## Übung zu Kapitel 5


Prüfen Sie Ihr Wissen über Assoziationsregeln in einer praktischen Übung. Lernen Sie hierbei Assoziationsregeln aus einem [Datensatz aus einem Supermarkt](https://data-science-crashkurs.de/exercises/data/store_data.csv). Zum Lesen der Daten können Sie folgenden Quelltext nutzen.

In [1]:
with open('data/store_data.csv') as f:
    records = []
    for line in f:
        records.append(line.strip().split(','))

### Finden von Frequent Itemsets

Nutzen Sie den Apriori-Algorithmus, um Frequent Itemsets zu finden. Hierzu müssen Sie auch einen geeigneten Grenzwert für den Support bestimmen. Begründen Sie Ihre Wahl.

In [2]:
import pandas as pd
from mlxtend.frequent_patterns import apriori
from mlxtend.preprocessing import TransactionEncoder

# we first need to create a one-hot encoding of our transactions
te = TransactionEncoder()
te_ary = te.fit_transform(records)
data_df = pd.DataFrame(te_ary, columns=te.columns_)

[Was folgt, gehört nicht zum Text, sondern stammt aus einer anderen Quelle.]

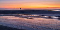 Een 2:1 foto van een zonsondergang bij de nieuwe Wadpost van Staatsbosbeheer, “De Kalkman" (ook wel Drenkelingenhuisje genoemd) op de Engelsmanplaat, een zandplaat gelegen tussen de Waddeneilanden Ameland en Schiermonnikoog en alleen toegankelijk bij Eb.
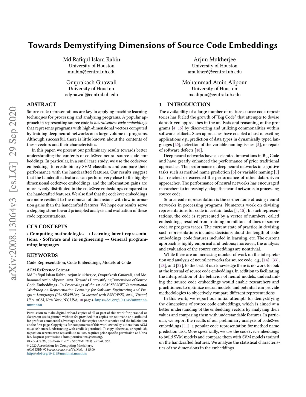 Source code representations are key in applying machine learning techniques for processing and analyzing programs. A popular approach in representing source code is neural source code embeddings that represents programs with high-dimensional vectors computed by training deep neural networks on a large volume of programs. Although successful, there is little known about the contents of these vectors and their characteristics. In this paper, we present our preliminary results towards better understanding the contents of code2vec neural source code embeddings. In particular, in a small case study, we use the code2vec embeddings to create binary SVM classifiers and compare their performance with the handcrafted features. Our results suggest that the handcrafted features can perform very close to the highly-dimensional code2vec embeddings, and the information gains are more evenly distributed in the code2vec embeddings compared to the handcrafted features. We also find that the code2vec embeddings are more resilient to the removal of dimensions with low information gains than the handcrafted features. We hope our results serve a stepping stone toward principled analysis and evaluation of these code representations.
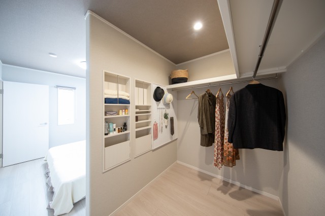 寝室奥のウォークインクローゼットは壁厚収納と有孔ボードで小物もすっきりと片付きます
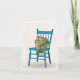 Tabby Katze in Topf Pflanze auf Retro-Holz türkis Stuhl.

# use support of 0.005 - low threshold may include to many candidates
# careful selection of rules based on other metrics required
# this means that we use a higher confidence
frequent_itemsets = apriori(pd.DataFrame(
    data_df), min_support=0.005, use_colnames=True)
frequent_itemsets

Unnamed: 0,support,itemsets
0,0.020397,(almonds)
1,0.008932,(antioxydant juice)
2,0.033329,(avocado)
3,0.008666,(bacon)
4,0.010799,(barbecue sauce)
...,...,...
720,0.007466,"(mineral water, spaghetti, soup)"
721,0.009332,"(mineral water, tomatoes, spaghetti)"
722,0.006399,"(mineral water, turkey, spaghetti)"
723,0.006266,"(mineral water, whole wheat rice, spaghetti)"


### Erstellen von Regeln

Erstellen Sie Regeln aus den Frequent Itemsets. Nutzen Sie Lift und Confidence, um zu ermitteln, welche Regeln gut sind.

In [3]:
from mlxtend.frequent_patterns import association_rules

# use a high confidence to counterbalance the low support threshold
# order by lift to have the "best" rules at the top
association_rules(frequent_itemsets, metric="confidence",
                  min_threshold=0.5).sort_values('lift', ascending=False)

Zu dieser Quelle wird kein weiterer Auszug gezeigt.